Seanad debates

Wednesday, 27 October 2010

Diabetes Treatment and Management: Motion.

 

7:00 pm

Photo of Pearse DohertyPearse Doherty (Sinn Fein)

I will use the opportunity to add to what has been said in support of the motion. It is welcome that the focus is being placed on the issue of diabetes tonight and it is appropriate and opportune that we are having this debate. I do not have diabetes, but my nephew who is my godson was diagnosed with it a number of days ago. Therefore, I am aware of the difficulty it causes for him as a young adult.

Diabetes is a medical condition the incidence of which is increasing in the population. I commend the Diabetes Federation of Ireland for the work it has done. I also commend the Donegal branch of the federation; its chairperson, Mr. Danny McDaid, whom I know, and all the people involved who are doing outstanding work in raising awareness of diabetes and campaigning and fund-raising to finance the activities the federation undertakes.

The research carried out by the federation was mentioned by other contributors to the debate.

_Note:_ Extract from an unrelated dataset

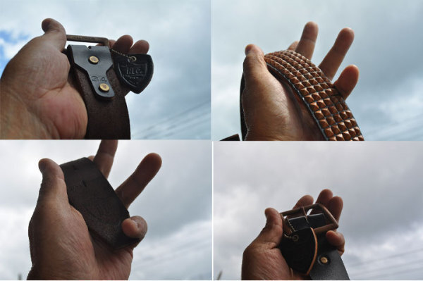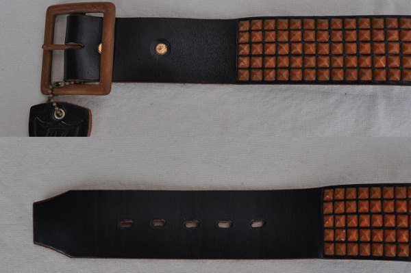 HOLLYWOOD TRADING CO. HTCアンティーク仕様ブラスピラミッド5連ベルトブラックレザーサイズ34未使用中古仕上げCALIFORNIA

It shows that 5% of the population have diabetes and that this figure will increase by 37% in the next ten years. A total of 10% of the health care budget was spent on the treatment of diabetes in 2008, with 60% of the €1.6 billion being spent on dealing with diabetes complications. I was taken aback when I saw that statistic in the research. Worldwide, a limb is lost every 30 seconds due to diabetes. The risk of amputation is 20 to 40 times higher in patients with diabetes. A total of 338 people with diabetes had a lower limb amputated in 2008, at a minimum inpatient cost of €1.1 million. This does not include other expenses such as the cost of antibiotics and wound dressings; ongoing direct outpatient, social welfare and housing alteration costs, as well as the many other costs associated with this procedure. When added together, the final cost to the Exchequer is huge and unnecessary. In addition, there are the costs relating to those patients who require treatment for foot ulcers but who do not require an amputation. The five year mortality rate for patients who have had a limb amputated is significantly higher than that for patients who have had breast or prostate cancer surgery, a fact Senator Norris mentioned.

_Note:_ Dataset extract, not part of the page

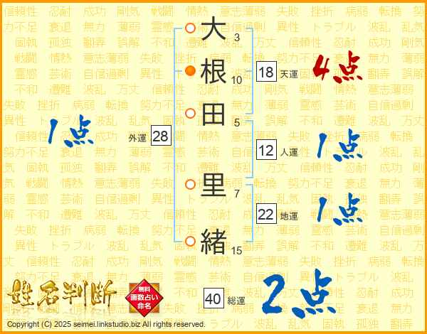 大(3画)根(10画)田(5画) 里(7画)緒(15画)
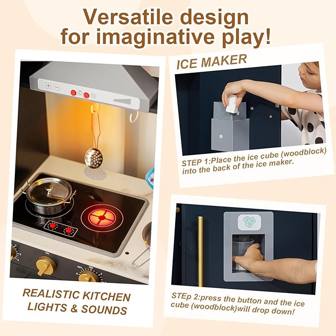 • Plenty of Play Features: This kids kitchen playset includes a range of captivating features, such as a stove and range hood with lights and sounds, a refrigerator, an ice maker, a microwave, an oven, a coffee maker, a sink, and categorized storage baskets. It also comes with 14 pcs colorful accessories to inspire endless imagination. The knobs make a "click-clack" sound, providing tactile and auditory feedback, while the ice maker pretends to dispense ice cubes.

The Diabetes Federation of Ireland has proposed a model of care which would identify those at risk of amputation as a result of diabetes. A pilot project being funded by the federation in Galway suggests identification of an at-risk foot ulcer does not require intense training or high tech equipment. The screening assessments can be easily performed in 15 to 20 minutes by trained practice nurses during the patient's annual check-up as part of an integrated model of care which would allow easy referral, where necessary. To date, 580 patients have been screened as part of the study, with 15% being categorised as high risk, requiring appropriate follow-up action. One podiatrist assigned to the local diabetics clinic is co-ordinating practice nurse training and managing referral pathways. The authors of the motion might have had this study in mind when they were framing it because this is the type of development envisaged in the final part of the motion which refers to models for ongoing treatment and management of the disease and its complications.

I support the motion and the focus on the issue of diabetes. However, with regard to the pilot scheme, will the models for ongoing treatment and management of the disease and its complications be put in place? We must consider this in the context of the current financial situation. It certainly will not happen if the Minister for Health and Children, Deputy Harney, and her Government colleagues have their way with regard to the €600 million to €1 billion to be taken out of the health budget in December. I commend Fianna Fáil Senators for proposing the motion, but if they are sincere, they must oppose the health cuts which can only result in misery for diabetes sufferers and patients throughout public health services.

I am glad I have had an opportunity to contribute to the debate. There is no proposed amendment to the motion which is only right as there is good work being done on the issue. A great deal of State money is being spent, but more work could be done. In that regard, the Diabetes Federation of Ireland has led the way. Let us consider positive actions that would result in a saving for the Exchequer and, more importantly, will ease the pain, discomfort and difficulties suffered by those who have contracted diabetes. It would be a benefit to the patient, the health service and the State.